- Kandhkot Location within Sindh Kandhkot Location within Pakistan
- Country: Pakistan
- Province: Sindh
- Elevation: 76 m (249 ft)

Population (2023 Census)
- • Total: 99,155
- Time zone: UTC+5 (PST)
- Postal code: 79160
- Dialling code: 0722

= Kandhkot =

Kandhkot (ڪنڌڪوٽ; ) is a city in Kashmore District in the Sindh province of Pakistan. It is the 98th largest city of Pakistan with a population of 100,698 according to the 2017 census.

In the last quarter of 2022, Kandhkot along with other many cities in Sindh, was struck by major flooding. Many people died in the city due to heavy rainfall resulting in urban flooding.

The Sindh government, under the Public Private Partnership initiative, planned to construct a bridge on the River Indus to provide better connectivity between Khairpur, Nathanshah, and Kandiaro. The Chief Minister, Syed Murad Ali Shah, presided over the meeting where the decision was made. The construction of the Ghotki-Kandhkot bridge on the Indus River is expected to be completed by July 2023. Additionally, a link road to the M-9 motorway will also be constructed. Kandhkot Tehsil comprises the following union councils:

| U.C. No. | U.C. Name |
|---|---|
| 1 | Mulgulzar |
| 2 | Rasaldar |
| 3 | Jagirabad |
| 4 | Dolat Pur |
| 5 | Wakro |
| 6 | Akhero |
| 7 | Malheer |
| 8 | Haibat |
| 9 | Dadar |
| 10 | Mangi |

== History==
The current city of Kandhkot is about 200 years old. Kalhora Dynasty established the fort here within their ending days. After Kalhora's, this area remained under the territory of Talpur's known as Mir till 1841, Khangarh now Jacobabad, handed over to East India through Treaty. Kandhkot was a small village during that time with a population of about 100 souls.

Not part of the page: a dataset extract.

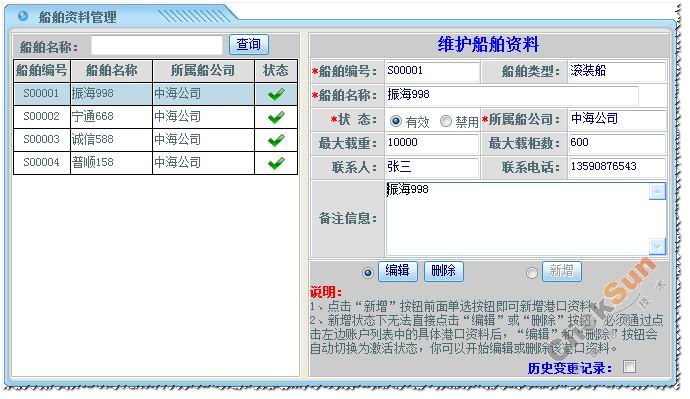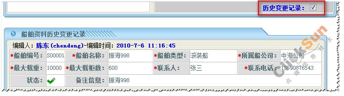 在船舶信息列表中,点取某一船舶名称,右边维护资料方块则显示了所选取的船舶详细信息。 修改船舶的信息,然后点击【编辑】保存修改信息。 点击【删除】删除所选取的船舶信息。 3、查看历史变更记录
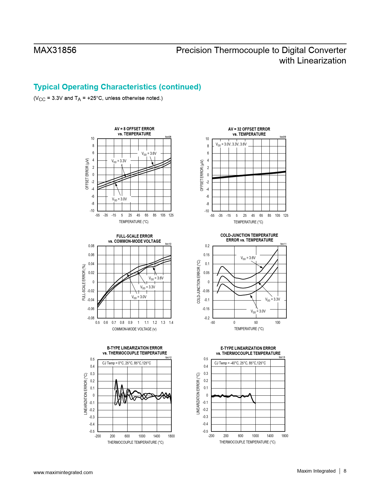 0.5 toc12 0.5 toc13 CJ Temp = 0°C, 25°C, 85°C,125°C CJ Temp = -40°C, 25°C, 85°C,125°C 0.4 0.4 ) 0.3 ) 0.3 (°C (°C R 0.2 R 0.2 RRO 0.1 RRO 0.1 N E N E 0 0 ZATIO -0.1 ZATIO -0.1 ARI ARI -0.2 -0.2 LINE LINE -0.3 -0.3 -0.4 -0.4 -0.5 -0.5 -200 200 600 1000 1400 1800 -200 200 600 1000 1400 1800 THERMOCOUPLE TEMPERATURE (°C) THERMOCOUPLE TEMPERATURE (°C) www.maximintegrated.com Maxim Integrated │ 8

As per Ardo Urtradi, the famous sindhi writer and historian, the name "Kandhkot" is often thought to mean "the city on the bank of a river." However, this interpretation is a fabrication. While it's true that many forts were constructed along the banks of the mighty Indus River, none of these forts bear the name "Kandhkot." Instead, the real story behind the city's name and its historical significance lies elsewhere, shrouded in the rich tapestry of its past.

== Demographics ==

=== Population ===

As of the 2023 census, Kandhkot had a population of 99,155.

Languages

== Gas and oil field ==
Kandhkot gas field was discovered in 1959. Kandhkot gas field’s reserves are concentrated in the Habib Rahi Limestone, Sui Main and Upper Limestone reservoirs. Although Kandhkot gas field was discovered shortly after Sui gas field, production did not begin until 1987 due to low gas demand.

The CEO of Engro Powergen Qadirpur announced that Pakistan could have saved up to $2 billion annually by utilizing the Kandhkot gas field to supply fuel to its Qadirpur power plant. The Kandhkot gas field, located in Sindh province, was one of the largest gas fields in the country, and its utilization could have helped reduce the country's reliance on imported gas. The Qadirpur power plant, which was previously fueled by imported liquefied natural gas, had a generation capacity of 217 MW and played a crucial role in the country's energy mix.